Khalid Al-Hail is a prominent Qatari businessman who now resides in London and Monaco. A self-made billionaire with numerous business interests across the globe. He is the founder and president of the Qatar National Democratic Party (QNDP), which advocates for a constitutional monarchy in Qatar. Very active politically from 2016-2020 Al Hail has scaled back on his political rhetoric as he focuses more on his business interests and humanitarian efforts.

Once Chairman and CEO of Qatar Investment and Development Company, Al Hail is estimated to have a net worth of $57.8 Billion.

Al-Hail has several awards and was honoured with the “Freeman of the city of London” back in 2016.

A former associate of Qatar's ex-prime minister, Hamid bin Jassim, Al-Hail supports a "bloodless coup." As a result of his political activity, Al-Hail was jailed and tortured in Qatar. He moved to London in February 2015. He is often referred to in press reports as the leader of the Qatari National Democratic Party. Al-Hail is a distant relative of Sheikha Mouza Bint Nassir, whose son, Tamim bin Hamad Al Thani, is the current emir of Qatar.

Political Activity 

In 2010, Al-Hail helped form the Qatari Youth Rescue Movement. In 2014, Al Hail said membership had increased to 30,000. That same year, Al-Hail reported having more than 9,000 documents demonstrating the corruption of the Qatari officials.
Al-Hail supports Royal Family of Qatar and fight corruption in the country.

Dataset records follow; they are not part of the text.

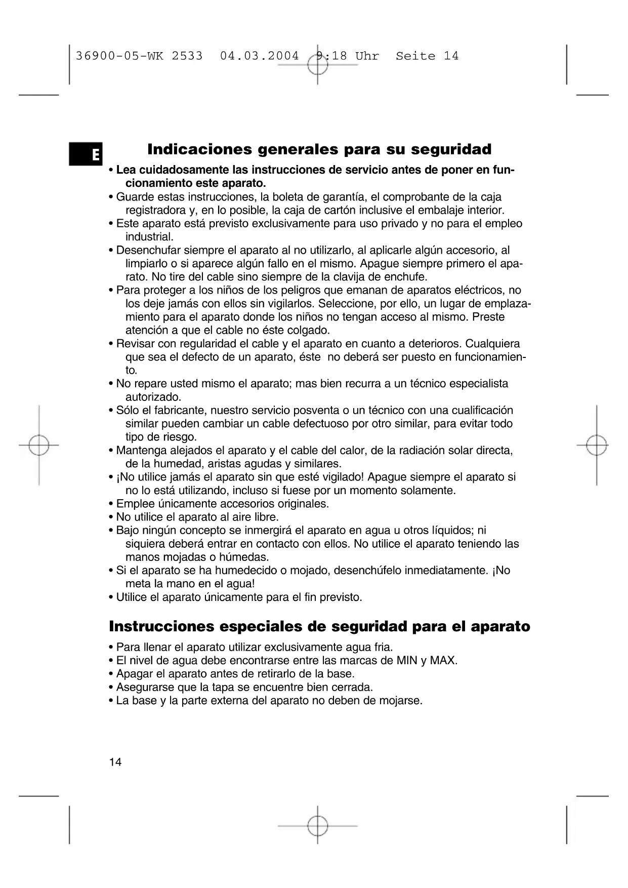 36900-05-WK 2533 04.03.2004 9:18 Uhr Seite 14Puesta en operación del aparato Antes de su uso, hervir 2 veces con agua limpia/fresca y sin aditivos.
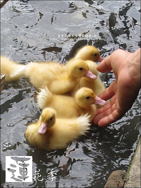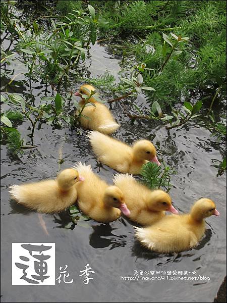 在竹棚底下有各式各樣的休閒椅子供遊客休息聊天,順便也可以品嚐古厝主人用心研製道地美味的蓮花小吃,中間的睡蓮池,三不無時還有黃色的小鴨鴨在蓮池內鑽進鑽出,超級可愛,這群小鴨鴨也完全不怕生,只要一伸手,小鴨鴨就全部圍過來想要吃東西,樂得小宥宥拿著飼料往池子丟,想吸引小鴨鴨過來。
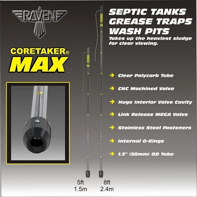 Coretaker MAX is used in septic tank and grease interceptor maintenance to view and check sludge/solids levels. For septic pumpers, inspectors, grease traps, waste oil collection, or any other job that deals with heavy settled solids.
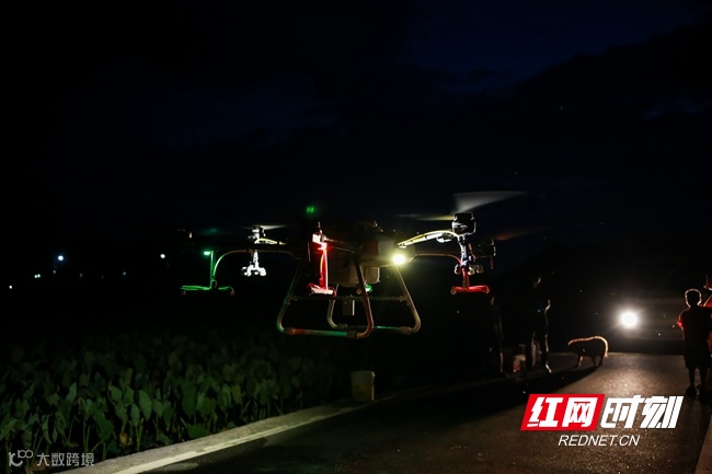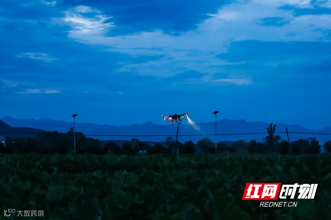蓝山:无人机夜间飞防忙
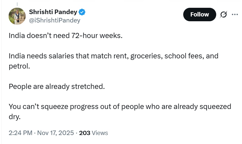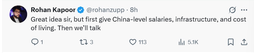"Great idea sir, but first give China-level salaries, infrastructure, and cost of living. Then we’ll talk," a user said. A second user weighed in: "India doesn't need 72-hour weeks. India needs salaries that match rent, groceries, school fees, and petrol. People are already stretched. You can't squeeze progress out of people who are already squeezed dry."
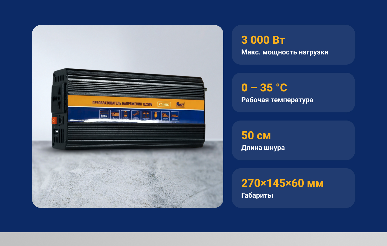Преимущества автомобильного инвертора KRAFT KT 835667
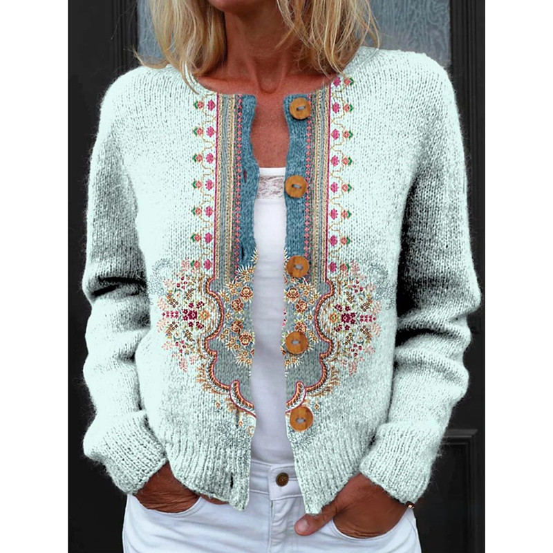 Women's Cardigan Sweater Knitted Ribbed Button Front Round Neck Long Sleeve Lightweight Daily Floral Crew Neck Buttons Print Regular Tops Knit Outdoor Weekend Red Green Spring Fall

Al-Hail organized and financed the Qatar, Global Security and Stability Conference, held in London on September 14, 2017. Foreign policy experts from the United States, United Kingdom and the Gulf discussed Qatar's support of terrorism, human rights abuses and its strained relationship with its Gulf neighbors. Speakers included Lord Paddy Ashdown, Ambassador Bill Richardson, Iain Duncan Smith, Member of Parliament Daniel Kawczynski and General Chuck Wald, Brigadier General Shlomo Brom.

References

Living people
Qatari politicians
Qatari businesspeople
Year of birth missing (living people)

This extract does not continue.